十月、詩集『世紀の変り目にしやがみこんで』を思潮社より刊行。「ここにうずくまる、しゃがみこむというか。詩を恵まれた、瞬間に置く、という、意味には、夢みられる、さいごでの、わかれぎわできっと起きる、ことだろうという、深層のメッセージがある。/われわれは大岡氏に任せてばかりで、怠慢だった。/いろいろの去来する、ことごと、たとえば「伝統と近代」という、思念や、西洋詩と擦れあってゆく、日本詩の、呼吸や間合いのとり方といった、根の深い、作業を、あらかた氏におしつけていまにいたった、という、ことにこうして思いあたる。/氏はそれらの先端部位で、報告する。新世紀は伝統も近代も、ぜんぶ引きずったままである、と。そのことを作品において、氏はわれわれにわからせる。みごとな、この《現在》の織り方だという、ほかはあるまい。」(藤井貞和・『世紀の変り目にしやがみこんで』書評「現代詩手帖」二〇〇一年十二月号)
十一月、大岡亜紀個展、東京銀座ギャラリー上田にて開催。
十一月二十一日より二十四日まで、静岡市でカイ・ニエミネン(フィンランド)、ニルス・アスラク・ヴァルケアパー(サーミ人)、大倉純一郎(フィンランド語翻訳)、高橋睦郎、木坂涼、大岡信による第三回静岡連詩の会。会終了後上機嫌でノルウェーの自宅に帰るため成田から帰国の途についたアイルは、ヘルシンキで一旦大倉家に一泊したが、その間に心臓麻痺で急死、日本への旅が最後の旅となった。

二〇〇二年(平成十四)
一月、「現代詩手帖」に「唄はれる詩」を発表、また粟津則雄と新春対談、「単純な言葉、複雑な内容」。同月、『子規選集』第四巻『子規の俳句』に子規の全句より一四〇〇句を選び、解説をつける、増進会出版刊。
三月、出雲市より委嘱され、混声合唱のための組曲「頌歌 天地のるつぼ――出雲讃歌」(鈴木輝昭作曲)を作詞。同月十七日出雲市民会館で初演。同時に音楽之友社より楽譜刊行。
四月九日、安東次男死去。十六日、告別式で弔辞。
六月、野平一平作曲による「大岡信の二つの詩、混声合唱とピアノのための」を全音楽譜出版より刊行。
七月、「すばる」特集「昭和の詩」で谷川俊太郎、井上ひさし、小森陽一と座談会、「日本語のリズム」。同月、ジャニーン・バイチマン訳『対訳・折々のうた Poems for All Seasons』を講談社インターナショナルより刊行。
四月より毎月一回のペースで神田淡路町Z会ビル内において、数十名の聴講者を募集、自作の詩を題材に自由に語るという主旨の「大岡信フォーラム」開講、毎回そこで語ったことをパンフレットにまとめ、聴講者たちに次回配布する。世話役は増進会出版および大久保憲一。

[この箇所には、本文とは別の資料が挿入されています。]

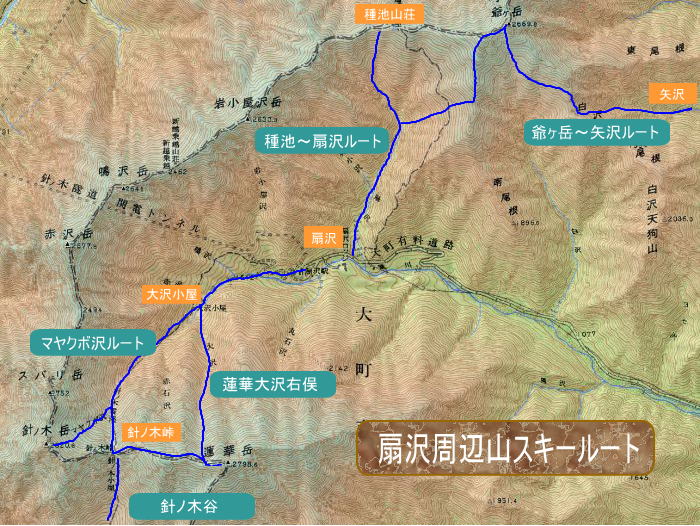 滑り出しこそ広くて緩めだが、徐々に傾斜が増し、吸い込まれるように谷へと入る。二俣あたりが最大斜度。ノドに突入すると落石混じりとなるが、スリルのある滑りが続く。左俣を合わせると広くなり、あとは大沢小屋まで流す。 |

八月、ことばと文学による国際文化交流と相互理解に多大な貢献をしたとして、「国際交流基金賞」を授賞。
八月三日、伊藤信吉死去。
九月八日、稲葉三千男死去。同月、フランス語選詩集 “citadelle de lumie`re”(traduit par Domi-
nique Parme´ )が ピエキ書店およびユネスコ共同出版により刊行される。

*本年譜は、三浦雅士氏による「ユリイカ」一九七六年十二月号特集「大岡信」所収の「年譜」、及び『大岡信著作集』に付された「年譜」、さらに『現代詩読本 大岡信』所収の「大岡信年譜」、そして講談社文芸文庫『現代詩人論』所収の「年譜」をもとに作成し、著者の校閲を経て編まれた。